Marco Piccinni

Personal information
- Date of birth: 19 April 1987 (age 38)
- Place of birth: Bari, Italy
- Height: 1.78 m (5 ft 10 in)
- Position: Midfielder

Youth career
- Bari

Senior career*
- Years: Team / Apps / (Gls)
- 2006–2007: Bari / 2 / (0)
- 2006–2007: → Pro Vasto (loan) / 0 / (0)
- 2007–2009: → Noicattaro / 61 / (2)
- 2009–2012: Bari / 0 / (0)
- 2009–2010: → Brindisi (loan) / 27 / (4)
- 2010–2011: → Lucchese (loan) / 27 / (1)
- 2012: Piacenza / 15 / (0)
- 2012–2013: Barletta / 18 / (0)
- 2013–2014: Chieti / 8 / (0)
- 2014–2018: Fidelis Andria / 107 / (4)
- 2018–2019: Potenza / 36 / (2)
- 2019–2023: Monopoli / 107 / (8)

= Marco Piccinni =

Italian footballer

Marco Piccinni (born 19 April 1987) is an Italian former footballer who played as a midfielder.

==Career==
Born in Bari, Italy, Piccinni started his career at hometown club A.S. Bari.
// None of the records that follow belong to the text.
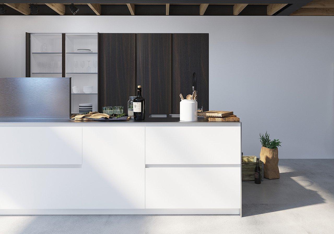 Cucina in legno laccato e termotrattato, con inserti di elementi vetro. L'anta è liscia senza maniglia (cucina con gola), la composizione è formata da un'isola centrale, operativa e con contenitori da ambo i lati ed un'ampia dispensa tutta a colonne. Questo è un prodotto di ottima qualità, modulare e su misura, componibile in infinite soluzioni per calzare come un guanto sul tuo spazio. Fatta per durare una vita.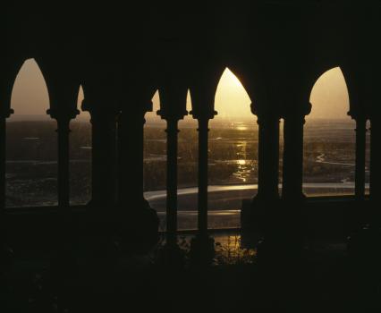 La baie du Mont-Saint-Michel au crépuscule vue à travers les baies de la façade occidentale du cloître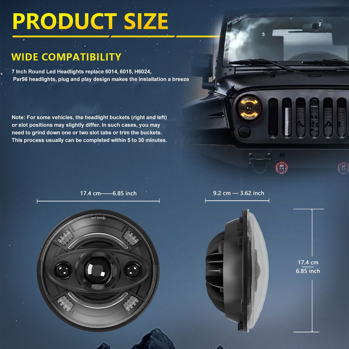 Wide Compatibility: Not only suitable for replacement for Jeep Wranglers, but also compatible with various motorcycles with 7-inch round lights, as well as vintage cars. Please confirm the size before purchasing.

After made his debut in the last rounds of 2005–06 Serie B (round 40 of 42 rounds season), he was loaned to Pro Vasto but returned in January 2007 for Bari youth team. He only played for Pro Vasto in 2006–07 Coppa Italia. He then sold to Noicattaro in co-ownership deal. In June 2009 he returned to Bari but in July left for Brindisi.

He failed to find a club to borrow him in 2011. He wore no.95 of Bari, which in recent years only players that excluded from the coach plan would wore "large" number in Bari. FIGC only allowed players to wear number from 1 to 99. Along with Conti (93), Langella (94), Statella (96), Rana (97) and Visconti (98), they were not part of the plan of Bari's first team. In January 2012, Piccinni left for Piacenza without a single appearance for Bari in 2011–12 Serie B season.
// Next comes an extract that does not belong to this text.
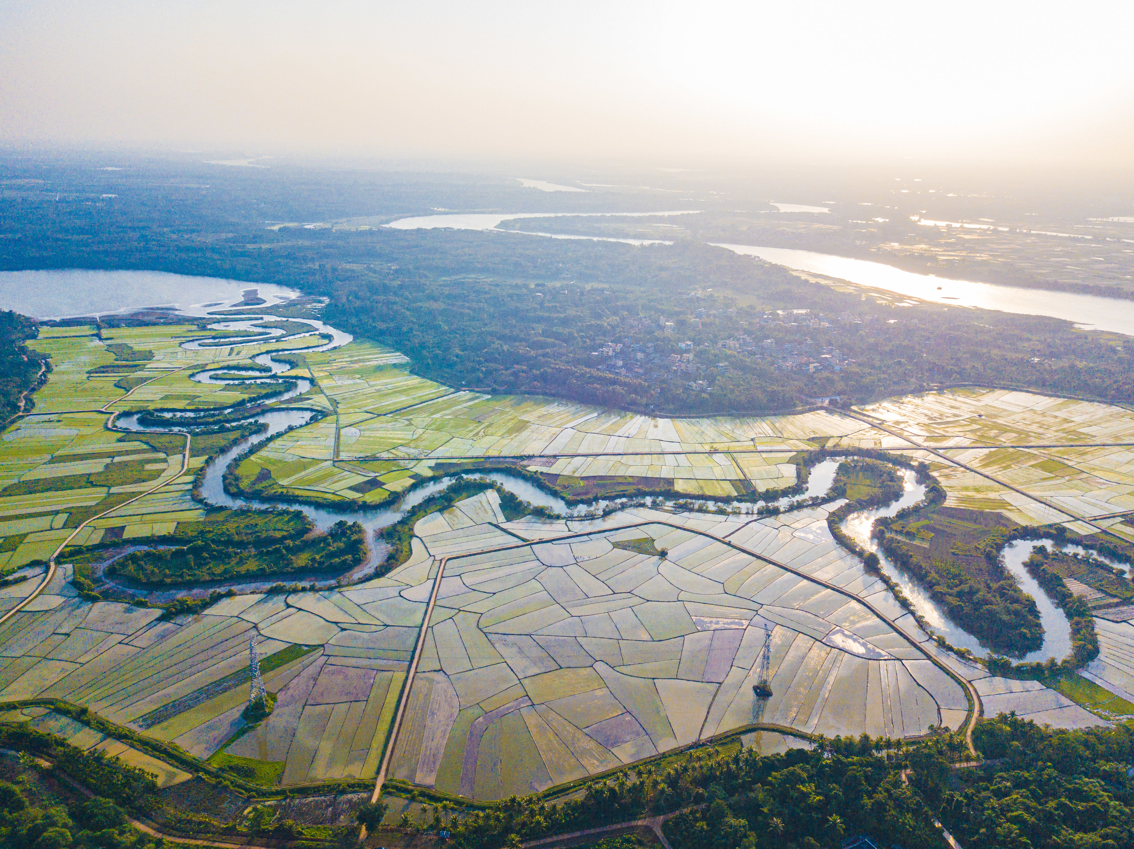 近日,位于海口市琼山区的海口三十六曲溪省级湿地公园及周边的稻田春意盎然。农民在稻田里忙着种植早稻,蜿蜒的河道与连片的早稻田交织成景,勾画出一幅幅充满生机的美丽图画。

In 2012, he joined Barletta. On 13 August 2013 he joined Chieti.

In July 2014 Piccinni signed with the Serie D side Fidelis Andria. After winning the championship, he renewed his contract with Fidelis Andria by signing a 1-year deal, with option for a 2nd year, for the 2015-16 Lega Pro season. At the end of the season, he signed a new 1-year deal for season 2016-17 with Fidelis Andria.

On 2 September 2019, he signed a 2-year contract with Monopoli.